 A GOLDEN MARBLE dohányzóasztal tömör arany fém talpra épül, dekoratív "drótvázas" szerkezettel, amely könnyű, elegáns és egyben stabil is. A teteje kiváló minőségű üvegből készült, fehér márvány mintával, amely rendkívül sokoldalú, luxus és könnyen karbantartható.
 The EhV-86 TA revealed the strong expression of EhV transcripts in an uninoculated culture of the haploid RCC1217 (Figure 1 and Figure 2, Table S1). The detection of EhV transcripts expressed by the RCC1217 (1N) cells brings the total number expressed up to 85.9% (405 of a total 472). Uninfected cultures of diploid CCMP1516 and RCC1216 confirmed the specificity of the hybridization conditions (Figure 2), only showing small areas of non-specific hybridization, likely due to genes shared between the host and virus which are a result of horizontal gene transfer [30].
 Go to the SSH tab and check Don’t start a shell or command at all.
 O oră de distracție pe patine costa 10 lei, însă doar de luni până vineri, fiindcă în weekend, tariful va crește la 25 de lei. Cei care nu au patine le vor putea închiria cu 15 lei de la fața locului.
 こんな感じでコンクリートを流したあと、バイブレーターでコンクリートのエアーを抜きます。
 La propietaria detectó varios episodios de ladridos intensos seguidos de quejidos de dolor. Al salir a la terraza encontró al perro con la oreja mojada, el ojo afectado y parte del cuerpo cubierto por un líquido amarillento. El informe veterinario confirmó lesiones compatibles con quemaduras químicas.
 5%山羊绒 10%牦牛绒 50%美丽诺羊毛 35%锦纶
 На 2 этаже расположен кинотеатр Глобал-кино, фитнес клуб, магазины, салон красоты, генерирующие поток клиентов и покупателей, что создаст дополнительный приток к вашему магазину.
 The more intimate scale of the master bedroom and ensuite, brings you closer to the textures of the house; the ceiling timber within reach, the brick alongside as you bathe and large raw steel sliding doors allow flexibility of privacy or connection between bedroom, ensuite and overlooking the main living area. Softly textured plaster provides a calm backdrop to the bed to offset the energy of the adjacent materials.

==

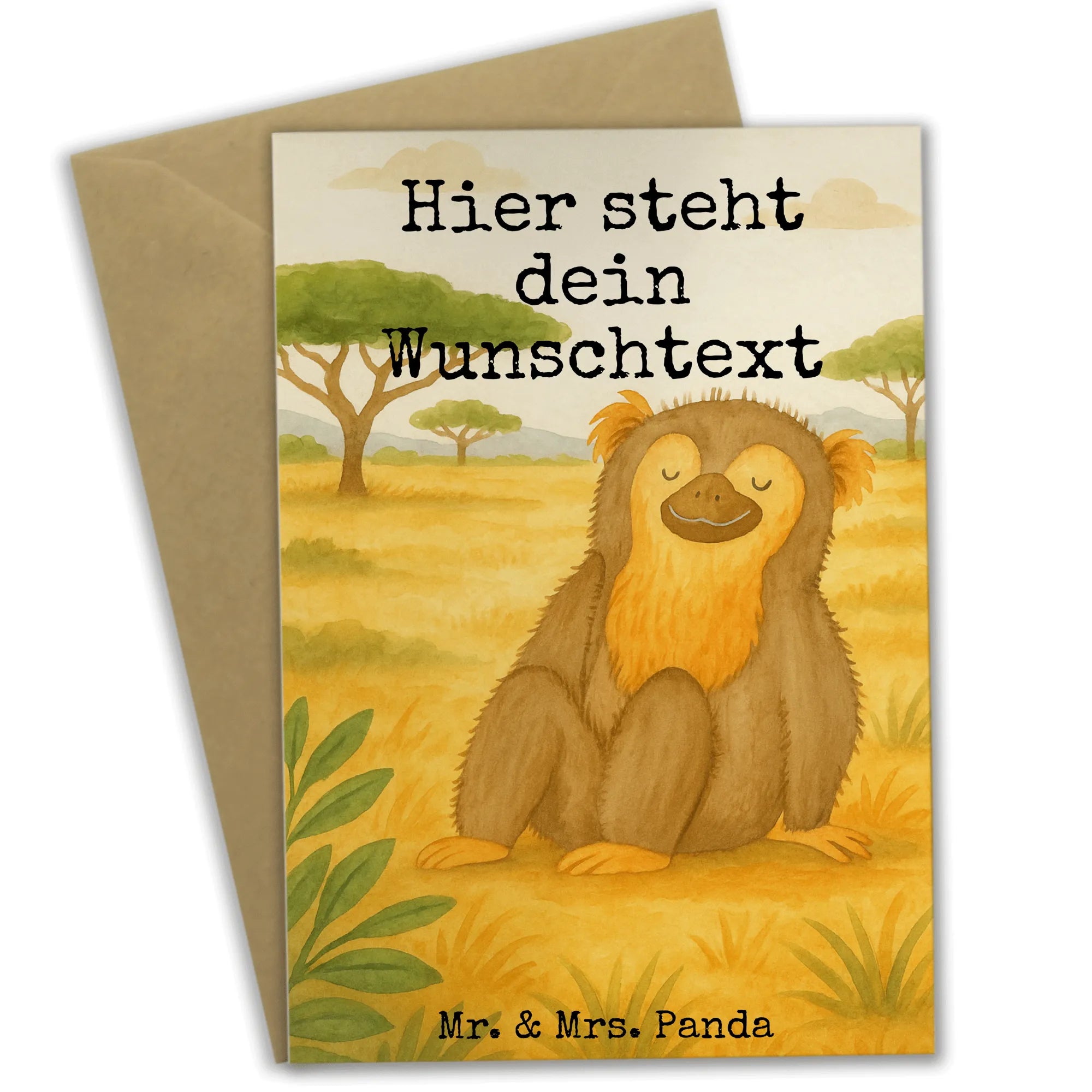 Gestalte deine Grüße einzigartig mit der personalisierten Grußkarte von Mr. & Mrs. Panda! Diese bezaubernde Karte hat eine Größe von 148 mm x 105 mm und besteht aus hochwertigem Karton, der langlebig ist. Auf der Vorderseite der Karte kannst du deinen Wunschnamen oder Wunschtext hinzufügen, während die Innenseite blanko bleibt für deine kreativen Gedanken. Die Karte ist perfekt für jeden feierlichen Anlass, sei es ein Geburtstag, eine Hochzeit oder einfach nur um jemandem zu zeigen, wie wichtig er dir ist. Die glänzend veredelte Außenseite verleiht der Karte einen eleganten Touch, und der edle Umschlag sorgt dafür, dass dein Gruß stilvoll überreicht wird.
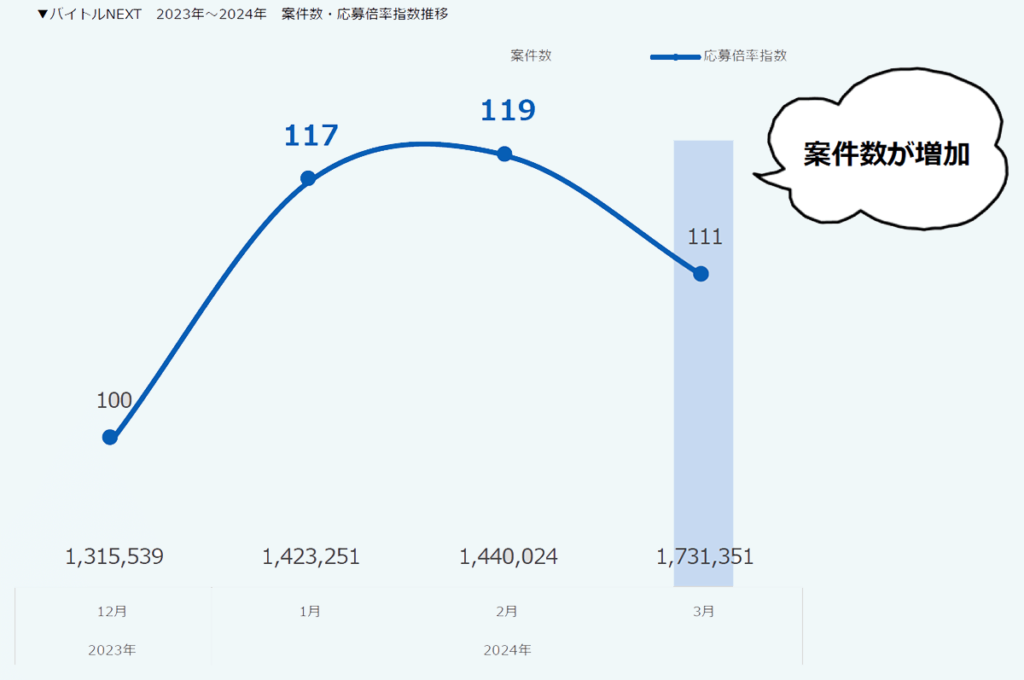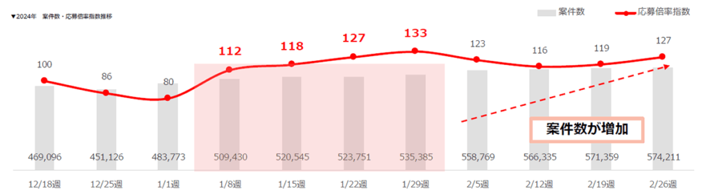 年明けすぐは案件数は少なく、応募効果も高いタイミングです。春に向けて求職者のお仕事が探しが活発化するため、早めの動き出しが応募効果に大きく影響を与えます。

Required work: Your answer should be the lines above from the one containing "5%山羊绒 10%牦牛绒 50%美丽诺羊毛 35%锦纶" through the one containing "The more intimate", copied exactly and with both ends kept.

Solution to the exercise:
 5%山羊绒 10%牦牛绒 50%美丽诺羊毛 35%锦纶
 На 2 этаже расположен кинотеатр Глобал-кино, фитнес клуб, магазины, салон красоты, генерирующие поток клиентов и покупателей, что создаст дополнительный приток к вашему магазину.
 The more intimate scale of the master bedroom and ensuite, brings you closer to the textures of the house; the ceiling timber within reach, the brick alongside as you bathe and large raw steel sliding doors allow flexibility of privacy or connection between bedroom, ensuite and overlooking the main living area. Softly textured plaster provides a calm backdrop to the bed to offset the energy of the adjacent materials.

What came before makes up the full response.